My heart is with you.........


----------



## mysteryscribe (Jul 19, 2006)

I remember how much I enjoyed the day books of edward weston.  So when I began writing on first another forum, I wrote a little about the day to day life of a photographer who wasn't trying to pay the bills, and wasn't worried about whether his shots came out perfect the first time, just one guy who still did things himself.

I was surprised on the other forum how many people read the posts and enjoyed the small victories and the defeats.  Most never made a comment but the reader number kept growing as people returned over and over to see what I was up to next.

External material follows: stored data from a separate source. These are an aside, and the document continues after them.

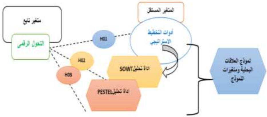
شكل (1) نموذج العلاقات البحثية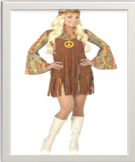
Figura 3: Mujer Hippie 9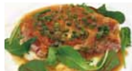
いすみ豚のソテーアンチョビとケイパーのソース (¥1,620・税込)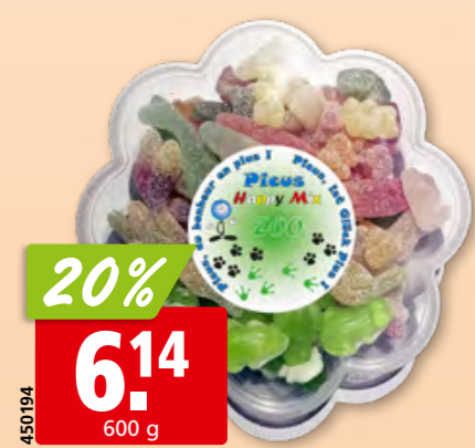
Picus Happy Mix Zoo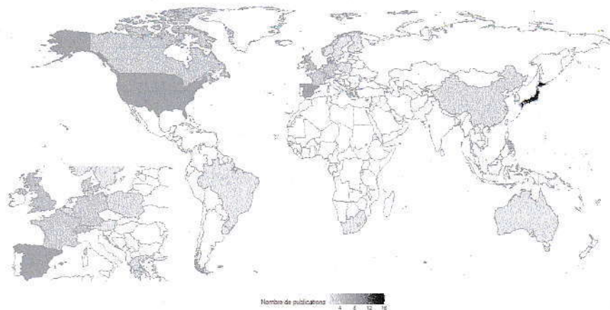
Figure 1. Carte des lieux de mesures de SDHI dans l'eau.

La quantification des SDHI rapportée dans la littérature académique ont permis de décrire les gammes de concentration en SDHI dans les eaux de surface (Figure 2) et dans les matrices alimentaires. A l'échelle mondiale ces vingt dernières années, 5 SDHI ont été quantifiés dans les eaux de surface à des teneurs allant du \text{pg.mL}^{-1} d'eau (ou ppt) au \mu\text{g.mL}^{-1} d'eau (ou ppm). D'autre part, d'un point de vue sanitaire, plus de la moitié de ces eaux de surface seraient impropres à la consommation d'après la législation française, avec des concentrations en SDHI supérieure à la limite de référence de qualités des eaux destinées à la consommation humaine de 0,1 \mu\text{g.L}^{-1} pour chaque pesticide.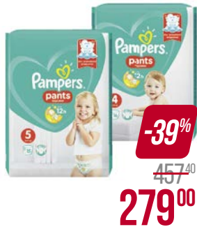
Подгузники-трусики PAMPERS®, Пэнтс: Макси (9-15 кг) 16 шт./ Джуниор (12-17 кг) 15 шт.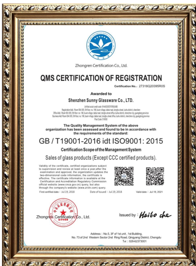
ISO 9001 : 2015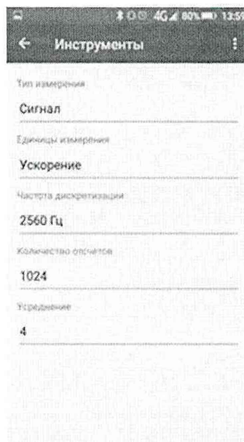
Рисунок 5 – Настройки виброметра.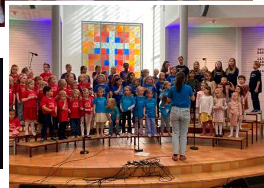
Barnegospelfestivalen i Rønvik april 2026.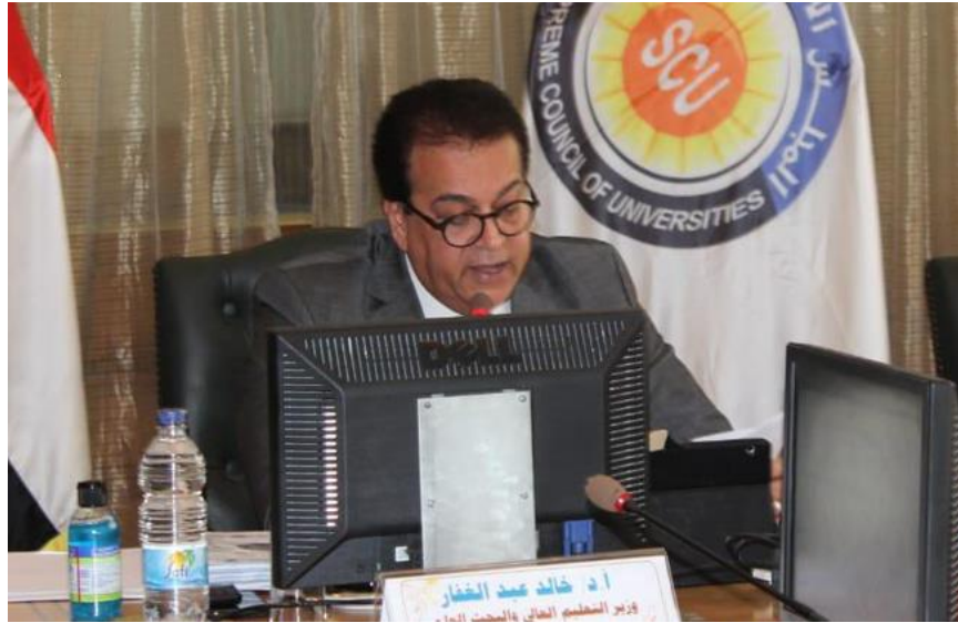
الدكتور خالد عبدالغفار، وزير التعليم العالي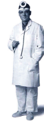
Wenn Sie später mehr Geld haben, können Sie Ihre Versicherung einfach umtauschen und zu einer Kapitallebensversiche- rung machen. Ohne erneute Gesundheitsprüfung.

Gleichzeitig bleibt Ihre Familie weiterhin abgesichert, genau wie in den Jahren davor. Dafür hat sich das Ganze doch gelohnt, oder?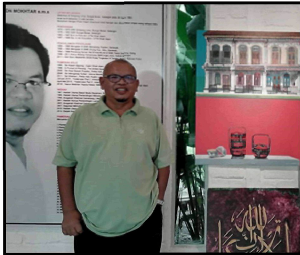
Gambar 1: Merupakan gambar seorang tokoh Warisan Seni Catan iaitu Encik Haron Mokhtar.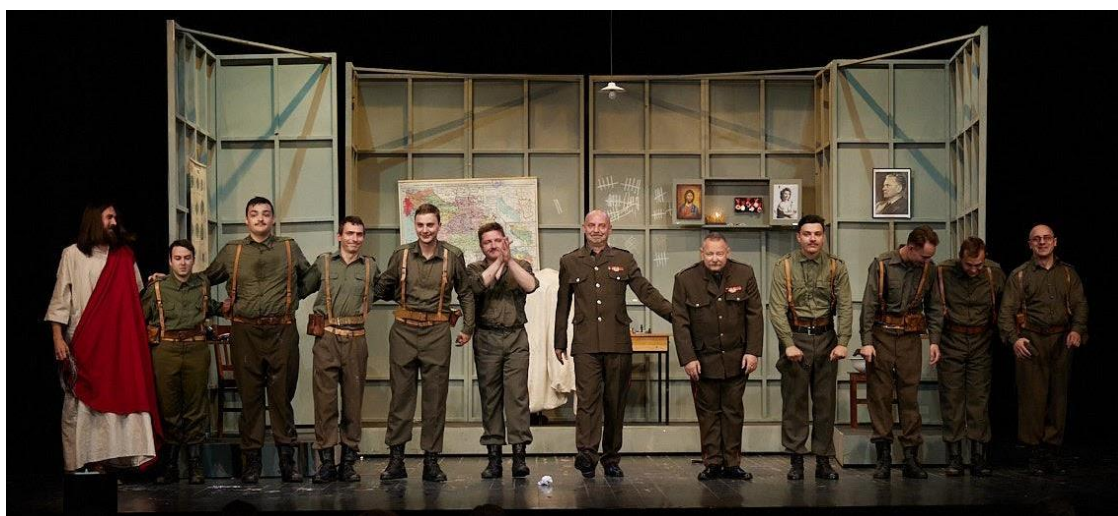
Slika 15: Premijera u Vinkovcima

Publika je bila oduševljena, a iz večeri u večer otvarale su se nove mogućnosti u igri jer smo bili opušteni i sigurni u materijal koji izvodimo. Sigurnost nam je dala da budemo zaigrani i reagiramo jedni na druge u bilo kojem trenutku. Naravno, dogodila se poneka greška koja je sasvim mala i nebitna. Bili smo svjesni svega što nam se događalo, tako da smo sve stvari iskomunicirali za vrijeme i nakon izvedbe. Međusobna kolegijalna podrška koju sam imao tijekom tih izvedbi me samo podsjećala zašto sam studirao glumu i zašto je želim studirati dalje kroz rad.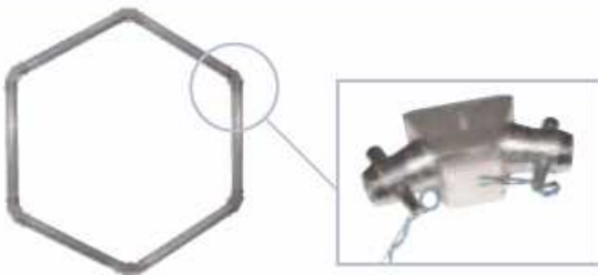
ESTRUCTURA ANGULAR ESPECIAL 120° 4 posibles angulos, incluye 2 medio conectores PL CODE 5007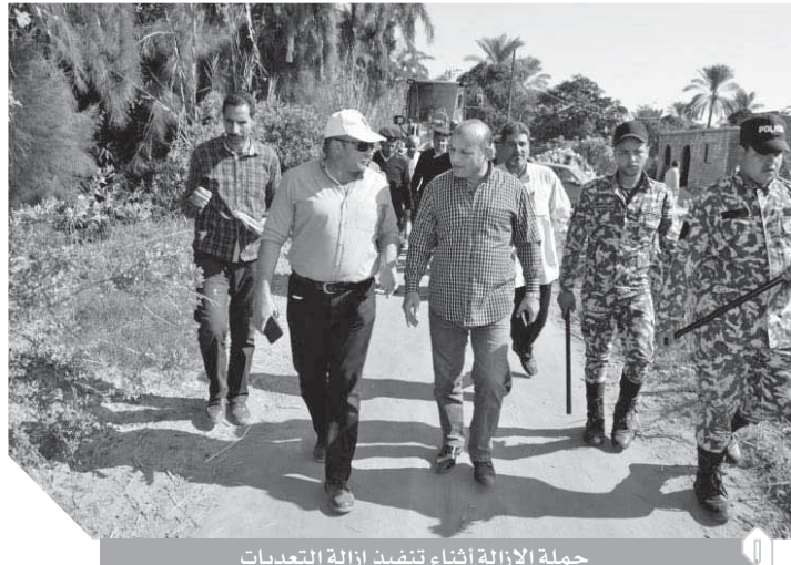
حملة الإزالة أثناء تنفيذ إزالة التعدييات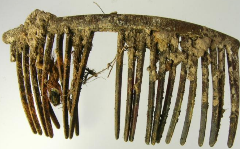
Peineta encontrada en la fosa del cementerio de Illueca, Zaragoza, exhumada en Noviembre de 2007. De los dieciocho individuos exhumados, dos eran mujeres.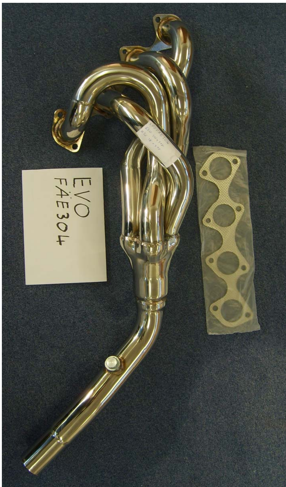
Auspuffkrümmer, Typ EVOFAE304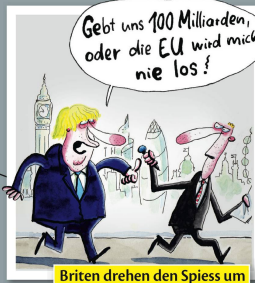
Briten drehen den Spieß um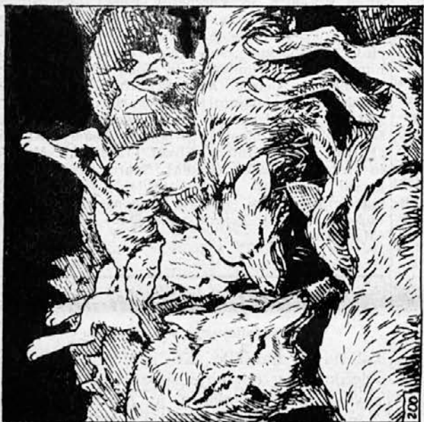
200. Volk enoletnik, neizkušen borec, je bil ubit že v prvem spopadu. Gneča borečih se teles ga je dvignila na vrh žive kopicice, njegova mati pa se je vsa poblaznela od žalosti in jeze vrgla čez njegovo truplo, grizla in popadala okoli sebe in se zaganjala naprej. Včasih se je iz kopicice odvlekel ranjen volk in odvlekel tri, štiri napadavce s seboj.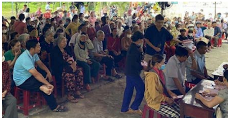
Despite the rain and the treacherous roads, hundreds of people showed up each day, anxiously waiting to be seen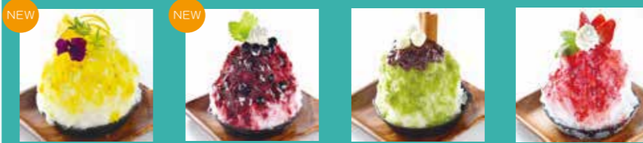
期間限定 河内ばんかんとはちみつ / ブルーベリーヨーグルト / 豊橋抹茶きな粉ぜんざい / とろ～りいちごみるく

hana・yasaiのかき氷は「かまくら」をイメージ。ふわふわの氷のなかには豊橋のんほいソフトクリームが隠れていて、二度楽しめる美味しさです♪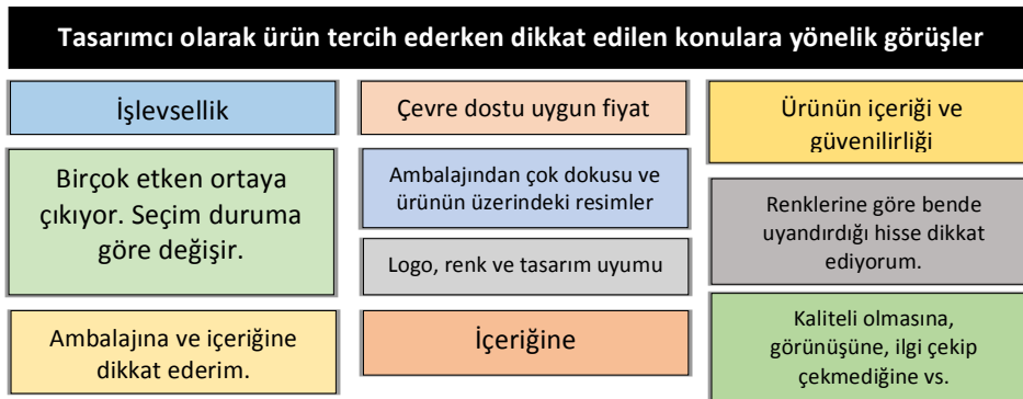
Őekil 8. Tasarımcısı olarak rn tercih ederken dikkat edilen konulara ynelik grřler

ęrencilerin bu soruya ynelik grřleri; yapılan analiz sonucunda Őekil 8'de grldę zere 11 tema altında toplanmıřtır.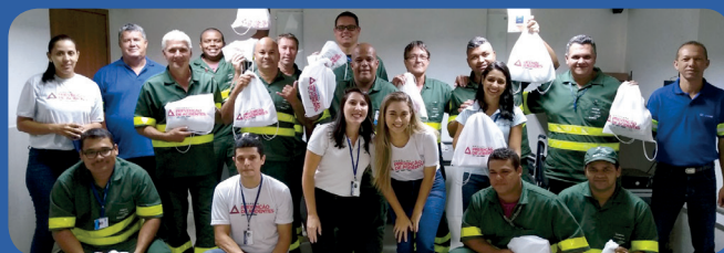
Palestra sobre segurança e alimentação saudável, em abril

As ações incluíram mobilizações socioeducativas, distribuição de materiais da campanha e brindes. Também foram realizadas palestras sobre: direção preventiva, trânsito seguro, álcool e direção, bom senso no trânsito e cuidados com a alimentação.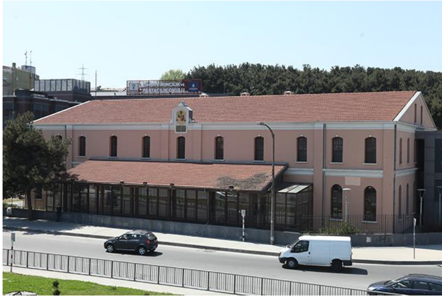
Şekil 6. Tarihi Fırın Binası

Yenilenen A girişi, Fırıncılık Meslek Yüksek Okulu olarak kullanılan Tarihi Fırın Binası'nın yanında olmasından dolayı, yapının gabarisi ve tarihi yapı ile kurduğu silüet ilişkisi açısından Kültür ve Tabiat Varlıkları Koruma Kurulu'nun onayından geçmiştir (Bakınız Şekil 6). Bununla beraber inşa çalışmaları sırasında, altyapı donanımı (doğalgaz hattının deplase edilmesi, yol eğimlerinin büyük araçların kullanımına uygun hale getirilmesi vb.) yenilenmiştir. Yine uygulama aşamasında, üniversitemiz İnşaat Fakültesi, Ulaştırma Anabilim Dalı tarafından araç yolu şerit genişlik ve doğrultuları, dönüş kurpları, durak yerleri ve duraklama cep genişlikleri/boyları hesap edilerek standartlara uygun hale getirilmiştir. Yapının üst kotunu tarihi fırıncılık binasının gabarisi belirlerken alt konutunu altında geçebilecek itfaiye araçların ihtiyaç duyduğu asgari yükseklik belirlemektedir. (min 4,50 m.) Yapının hemen önünde bulunan ve metro durağına direkt bağlantıyı sağlayan yaya köprüsü İ.B.B. tarafından 2018 yılında inşa edilmiştir.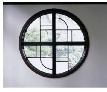
旧運転手控室 窓装飾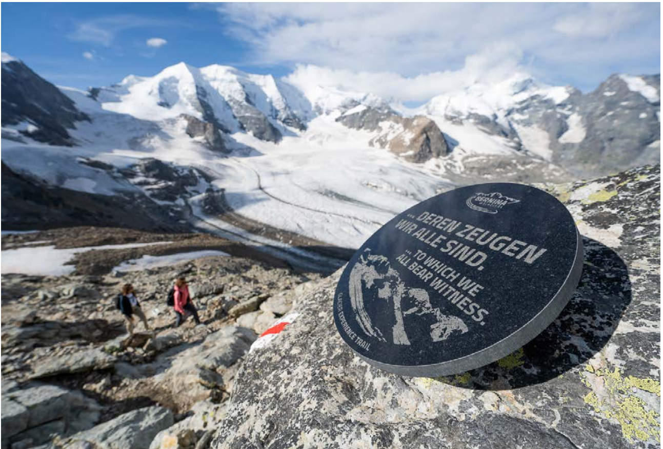
Glacier Experience Trail: l'esperienza sui ghiacciai per gli escursionisti.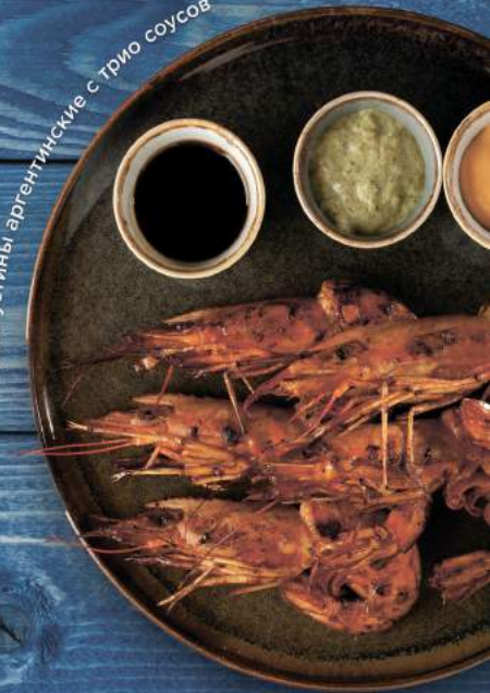
Лангустины аргентинские с трио соусов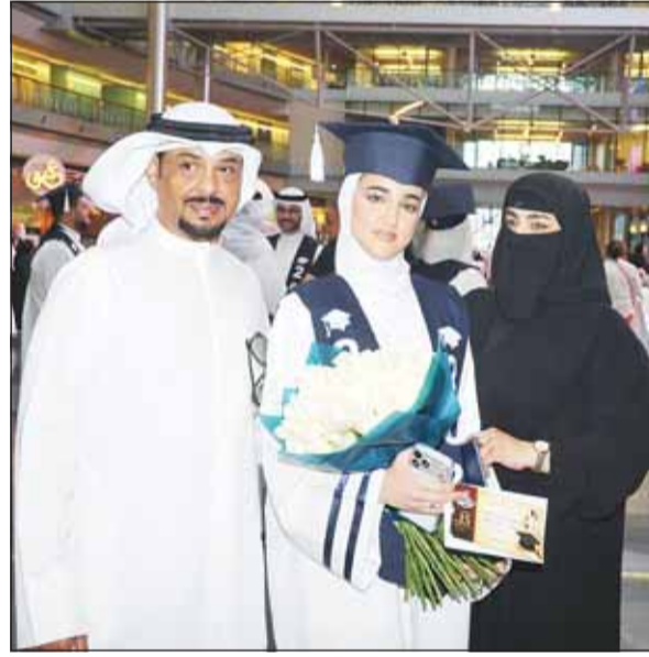
متفوقة تتوسط والديها

I first I felt a little like it was egotistical of me to think anyone cared, but then I realized that it was me they gave rats rear about it was the struggle.  Then I stopped worrying about it and just kept a kind of loose forum journal.  

At this point someone should probably stop me, but alas I keep right on going.  Tomorrow I test the fix I did on the 3a 4x5 as i have come to think of it.  So we will see how I did.  It looks some different now than it did this morning so I'll send along a new pic.  

It is my plan to shoot a picture of my other homemade 4x5 with the 3a tomorrow.  We shall see what we see then.


----------



## mysteryscribe (Jul 20, 2006)

*the curse of the 3a continues  *

I shot the 4x5 image of the baush 4x5 this morning with the 3a 4x5 and it was an outdoor studio setup.  I misread the funky light so it is under exposed but I am going to blame it on the curse anyway.

What I do have is a picture of the new improved not light leaking 3a... It looks a little better too.







there will be a shot of and by the baush 4x5 in about an hour under a new thread that is it for this one.

Im thinking i might ought to grind down the porjections on the black part and veneer it wood as well but for now it is what it is.  Cobbled Camera 3a 4x5

Oh and the silver thingie on the lens is a close up lens #1 that worked well except i underexposed the picture.


----------